Есть определенная категория авторов, чьи герои громко выпускают газы и свободно испражняются, а их гигиенические особенности описываются с микробиологической точностью. Каждая сцена происходит на фоне гниющего мусора, где пируют крысы и тараканы. Особенно трудно воспринимать сюжеты, где герой со своей возлюбленной похожи на экспонаты викторианского анатомического музея.
И хотя для мерзких деталей в литературе тоже есть место, они не должны быть навязчивыми. Читателя такие описания оттолкнут. Вслед за ними отвращение вызовут и ваш герой, и ваша книга. Да и по поводу вас начнут возникать смутные сомнения.

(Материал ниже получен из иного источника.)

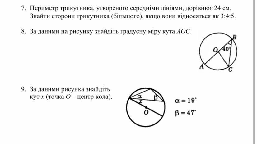 8)<АОС=80°Это центральный угол,он равен дуге,на которую опирается,а вписанный угол АВС равен половине дуги, на которуюон опирается

Ограничьте ваши натуралистические сцены, чтобы они вызывали у читателя только страх. Если жестокие пытки в темном подвале отвратительны, это нормально. Если гадким кажется буквально все, читатель покинет вас в поисках более здоровой атмосферы.
В заключение добавим: несмотря на то, чему научила вас школа, в мерзостях нет и не может быть ничего смешного. Шутки, над которыми вы смеялись в фильме братьев Фаррелли, работают лишь на конкретном комедийном материале.
НУ, ТЫ ПОНЯЛ
КОГДА АВТОР ДУМАЕТ, ЧТО ВЫ ЗНАЕТЕ, О ЧЕМ ОН ГОВОРИТ
Теперь Джо чувствовал себя совершенно иначе и никак не мог объяснить переполнявшие его эмоции. Он сел на край утеса и посмотрел вдаль. Все было идеально: горы на фоне неба, не сравнимые ни с чем, что ему доводилось видеть, воздух…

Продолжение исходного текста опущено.